Dare Foods, Limited is a Canada-based food manufacturing company. They have seven factories in Canada and the United States. Their products are distributed in North America and at least 25 other countries.

Company history

In 1892, the founder of Dare Foods, Charles H. Doerr began making and selling cookies and candies in a small grocery shop in Berlin, Ontario, Canada. By 1919, Doerr had created the C.H. Doerr Company, which distributed his goods throughout Ontario. Following Charles's death in 1941, the company was led by his twenty-four-year-old grandson Carl Doerr.  Carl had been raised by his paternal grandparents after both his parents died of the Spanish flu. 

On February 16, 1943, a fire destroyed the company's factory at Weber and Breithaupt in Kitchener, killing nightwatchman Julius Eckstein and risking the future of the company, then known as C.H. Doerr Co. Ltd. Carl quickly moved to rebuild, relocating the same year as the fire to a plot of land on what is today Kingsway Drive in Kitchener.
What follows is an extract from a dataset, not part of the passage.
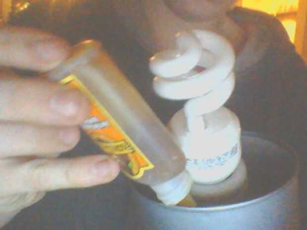 Toma tu alambre y empujar a través de la lata asegurándose de que la lata se coloca vertical cuando está abierto, ahora empujar la lata por el polo y tomar tus alicates y apretar el metal alrededor de él, ahora toma tu pegamento gorila y bond la lata al polo y cinta adhesiva firmemente para wont slip, esperar 24-48 horas para el pegamento completamente seco. Ahora tome su tarro de aceitunas y pegar el círculo de plástico a la parte superior, hice mi círculo en más de un cono por corte al centro que doblarlo grabando en forma de cono y pegar el plástico.

The name of the company was changed to "Dare" in 1945 because it was easier to pronounce. Dare products became more popular Canada-wide by 1954. and began to be exported to the U.S. in 1956.

Products

Dare is known for adopting the resealable "tin tie" packaging for their cookies in 1954. The resealable bag ensured freshness and soon became the standard packaging for cookies across Canada.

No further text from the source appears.